When growth stagnates, the default reaction for many consumer app founders is to run a massive, app-wide discount campaign. While this might create a short-term spike in cash flow, it is a fundamentally flawed strategy for long-term growth. Blanket discounts destroy brand equity, condition users to wait for the next sale, and severely damage the Lifetime Value (LTV) to Customer Acquisition Cost (CAC) ratio. In an era where digital advertising costs are skyrocketing, acquiring a user only to heavily discount their subscription is a fast track to burning through runway. As HayanMind’s CEO Oh Jung-min emphasizes, the future of app competitiveness lies not in reckless discounting, but in strategic, data-driven pricing.

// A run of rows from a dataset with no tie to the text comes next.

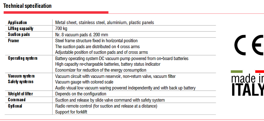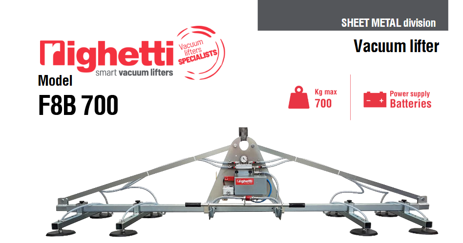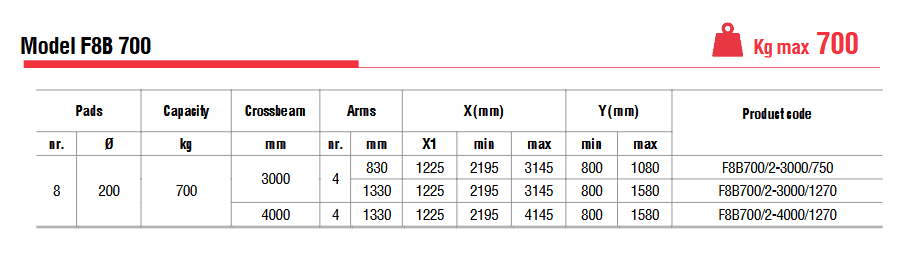 Το F8B 700 έχει μέγιστη χωρητικότητα 700 kg και 8 βεντούζες κατανεμημένες σε 4 σταυρούς βραχίονες.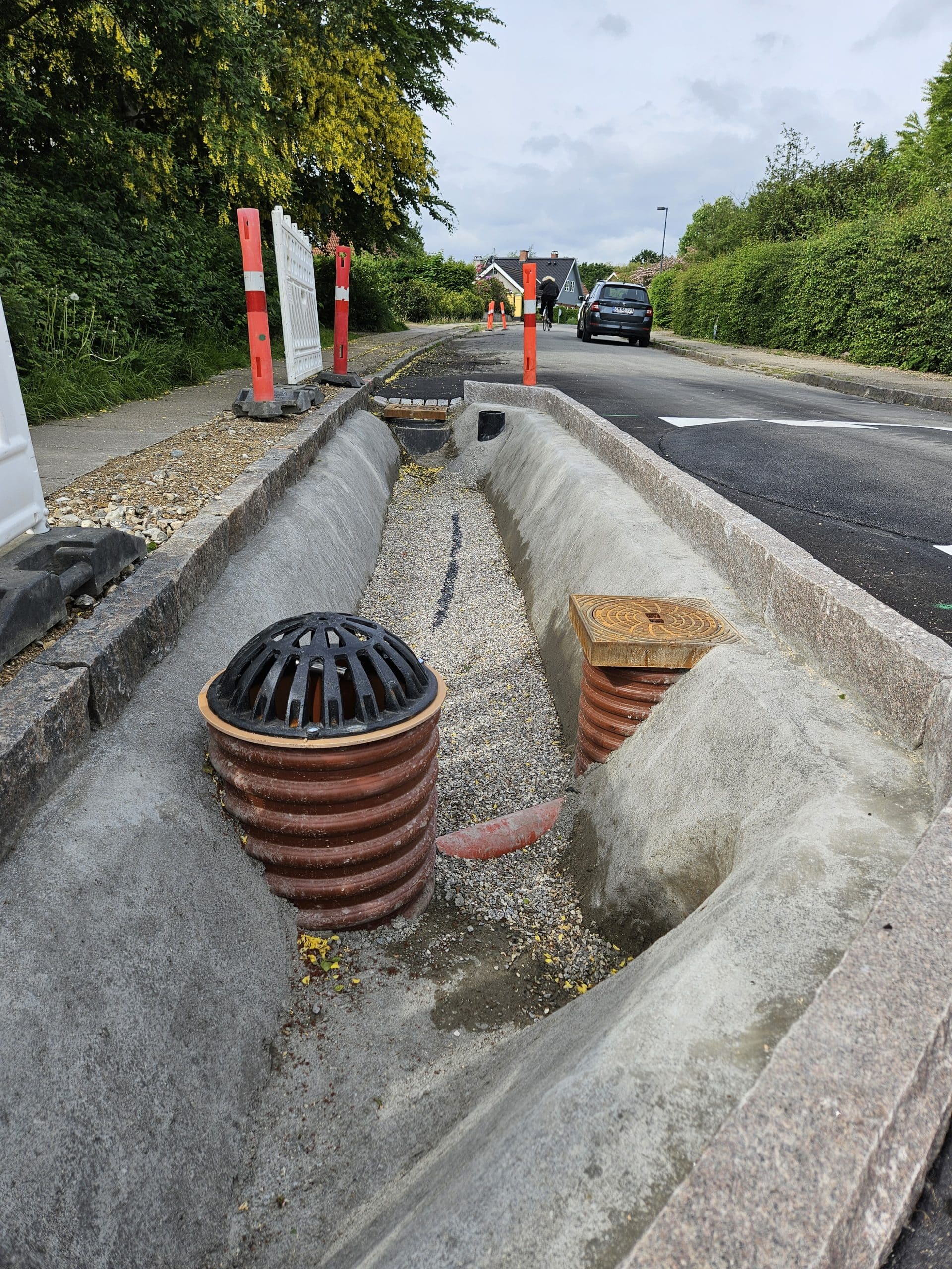 Arbejdet er gennemført etapevis med delafleveringer, hvilket har muliggjort løbende kvalitetssikring og minimeret gener for beboerne. Der har været fokus på tydelig varsling, sikker adgang og hensyntagen til områdets daglige brug. Projektet omfatter etablering af 33 grønne vejbede fordelt på foreningens interne veje samt ét større regnbed i et grønt fællesareal. Regnvand fra vejarealerne afkobles og ledes til bedene via fordelingsrender og indløb, hvor vandet nedsives gennem filterjord og videre til underliggende faskiner.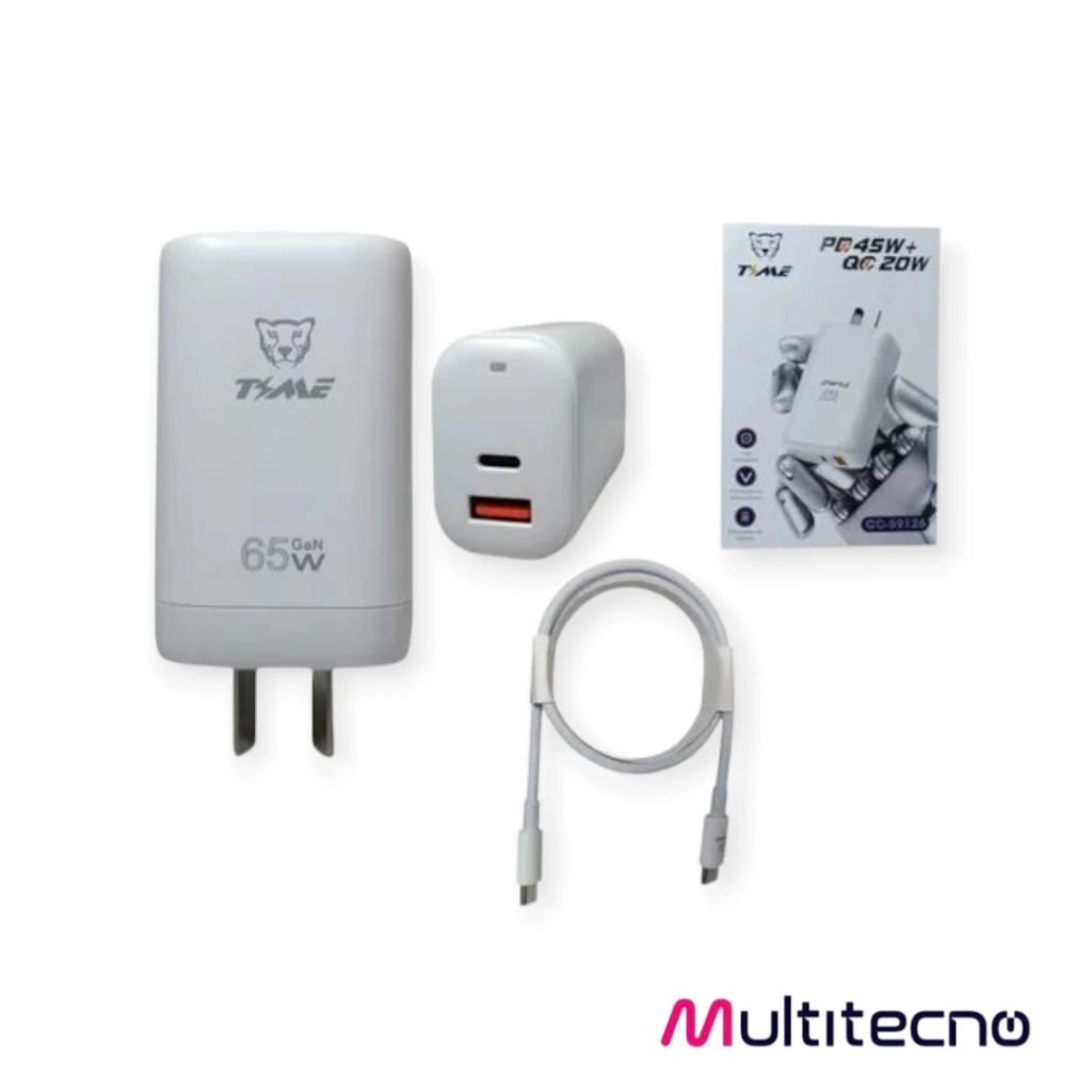 Optimiza tu carga con el Cargador Time 45W CC-59126, la solución ideal para mantener tus dispositivos siempre listos.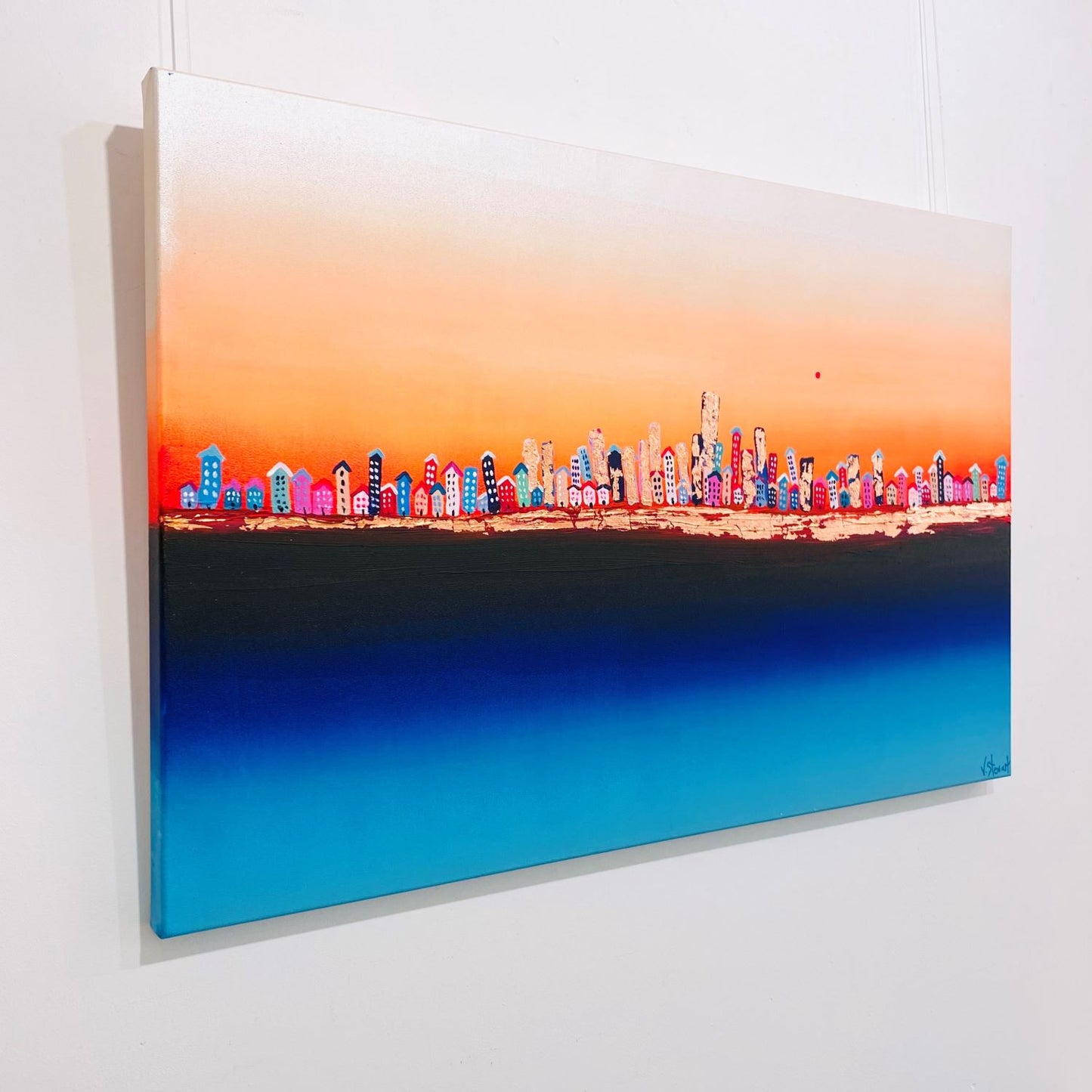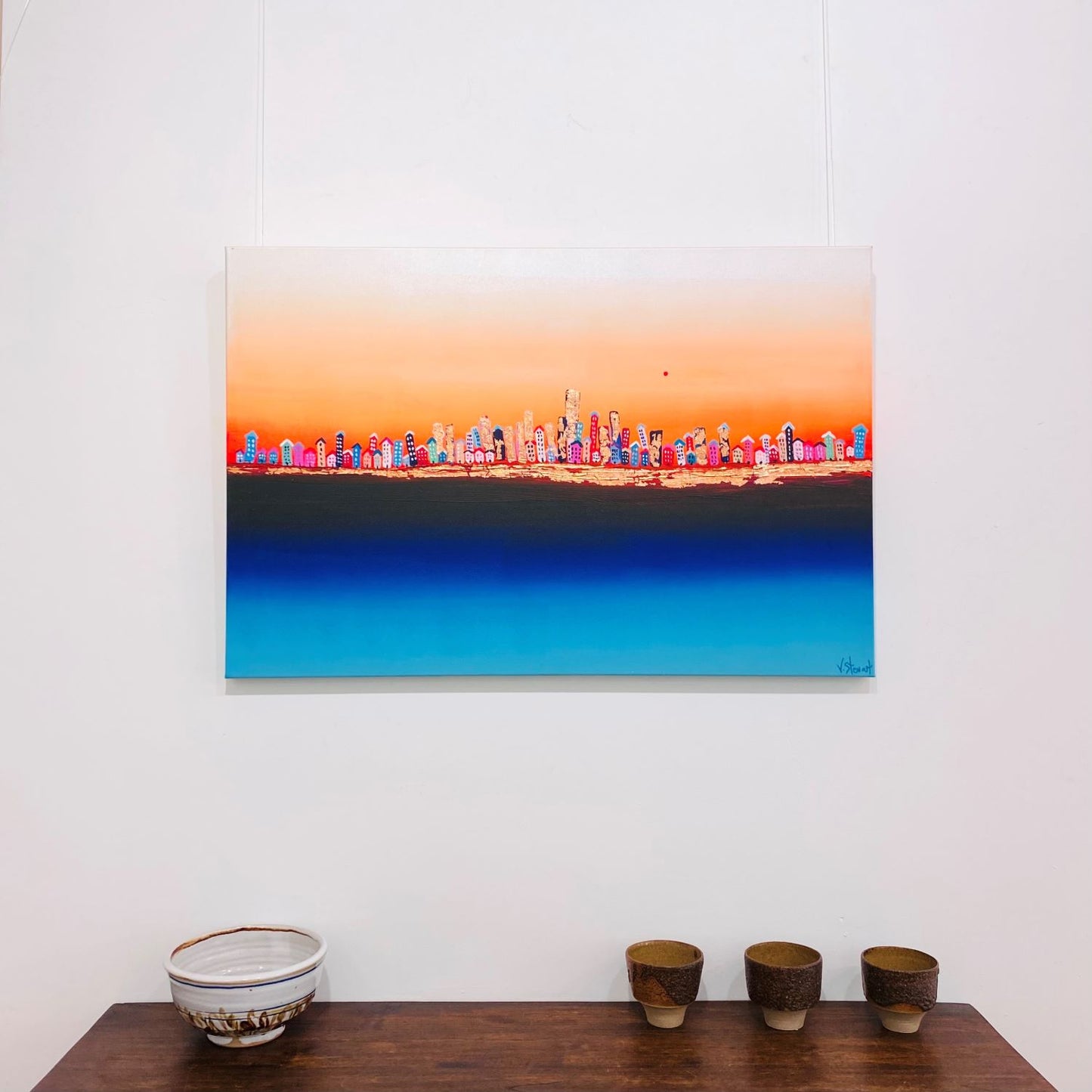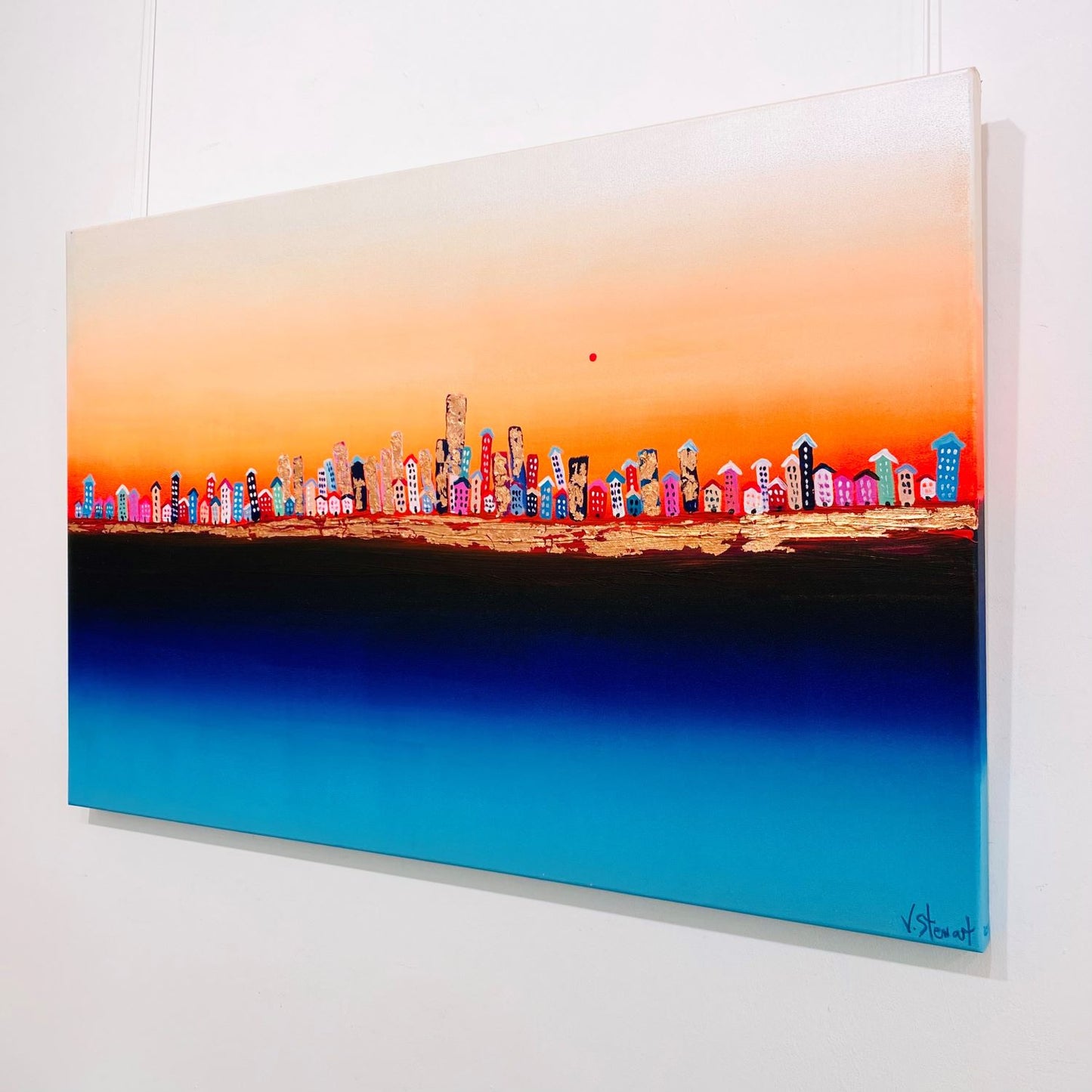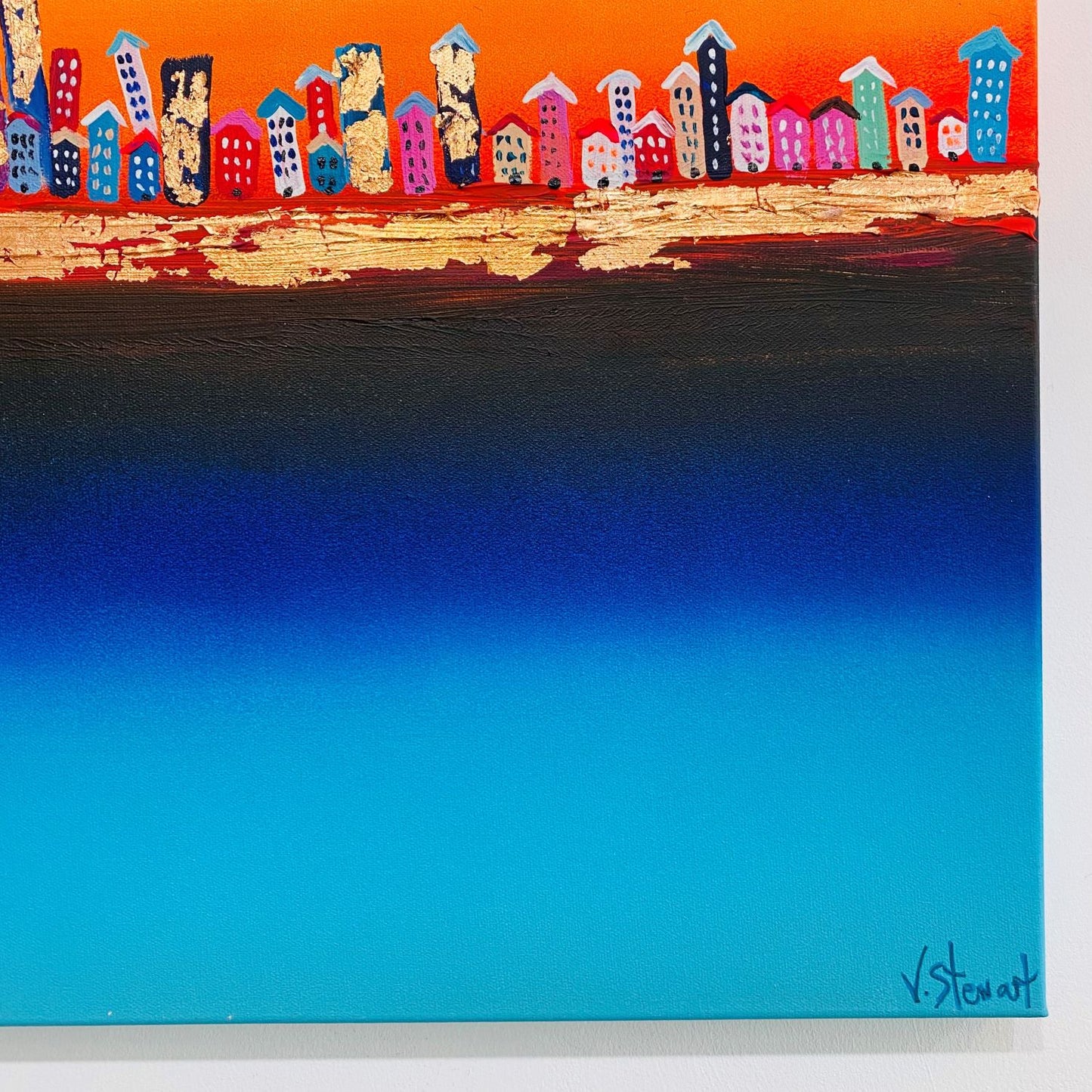She specialises in minimalistic compositions that emphasise her expert use of intense colour to create compelling atmospheres. Her new works have evolved with the addition of charming figures and town landscapes against the almost otherworldly backgrounds. This effect of a populated and captivating scene, achieved with only a few skilled brushstrokes, shows what a capable artist Stewart is.

AI-Driven Personalized Pricing: The New Standard

The core value proposition of AI monetization tools like Monetai is personalized pricing and promotion design. By analyzing user behavior, session length, engagement depth, and historical data, AI models can predict the exact moment a user is most likely to convert. More importantly, it determines the optimal price point for that specific user. A highly engaged user might convert at full price if presented with the right feature highlight, whereas a price-sensitive, casual user might need a targeted 20% discount to cross the threshold. This dynamic approach maximizes the overall conversion rate without cannibalizing the revenue from users willing to pay a premium.

Strategic Takeaways and Action Items for Founders

The evolution of HayanMind provides a clear blueprint for founders navigating the complex landscape of app monetization and product expansion.

First, audit your internal tools. The solutions you have hacked together to solve your own growth, retention, or monetization problems might have massive commercial value in the B2B market.

Second, immediately move away from blanket discounting. Start segmenting your users based on their engagement levels and run targeted, cohort-specific pricing experiments. Protect your brand value at all costs.

Third, leverage AI for dynamic pricing. If you do not have the resources to build an internal machine learning model, integrate third-party SaaS solutions that allow you to offer personalized promotions. The goal is to maximize LTV by delivering the right offer, to the right user, at the exact right time.